BNS.PR.E To Be Redeemed

The Bank of Nova Scotia has announced:

its intention to redeem all outstanding Non-cumulative 5-Year Rate Reset Preferred Shares Series 34 (Non-Viability Contingent Capital (NVCC)) (“Series 34 Shares”) of Scotiabank on April 26, 2021 at a price equal to $25.00 per share together with declared and unpaid dividends to the Redemption Date (the “Redemption Price”). Formal notice will be issued to the shareholders in accordance with the share conditions.

The redemption has been approved by the Office of the Superintendent of Financial Institutions and will be financed out of the general funds of Scotiabank. This redemption is part of the Bank’s ongoing management of its Tier 1 capital.
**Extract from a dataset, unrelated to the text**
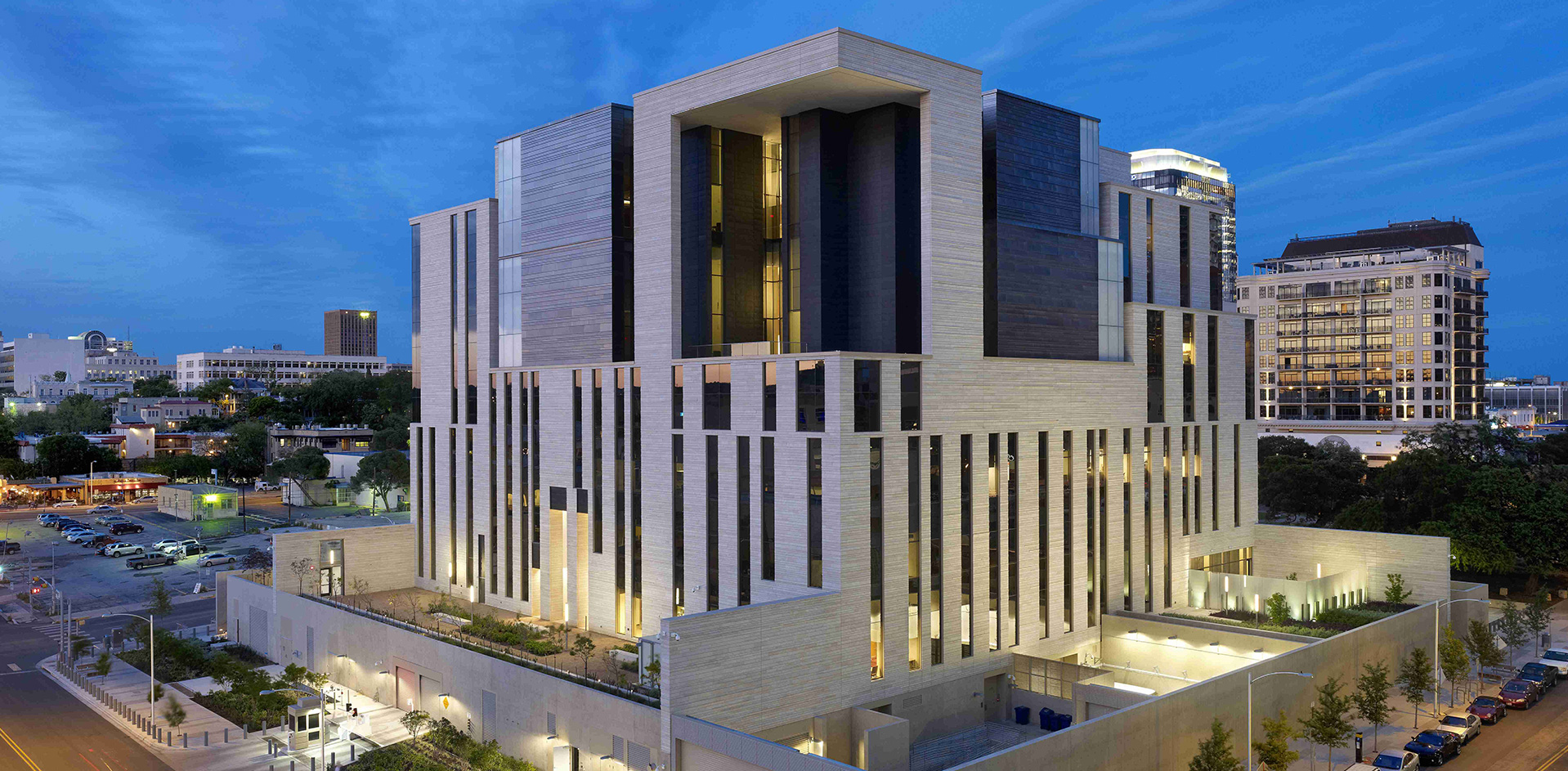 This unique and high-profile project constructed Austin “Great Streets” improvements that includes widened sidewalks and landscape features, as well as creating a plaza atmosphere on San Antonio Street—all of which visually merges Republic Square Park with the courthouse. The expanse of the project is reflected in its size. The courthouse incorporated an entire downtown city block which greatly restricted lay down and staging areas incorporating “just in time” deliveries for most materials.

On February 23, 2021, the Board of Directors of Scotiabank declared quarterly dividends of $0.343750 per Series 34 Share. This will be the final dividend on the Series 34 Shares and will be paid on April 26, 2021, to shareholders of record at the close of business on April 6, 2021, as previously announced. Subsequent to this final dividend payment, the Series 34 Shares will cease to be entitled to dividends.

BNS.PR.E is a FixedReset 5.50%+451, NVCC-compliant issue that commenced trading 2015-12-17 after being announced 2015-12-8.

Thanks to Assiduous Reader CanSiamCyp for ensuring I didn’t miss this.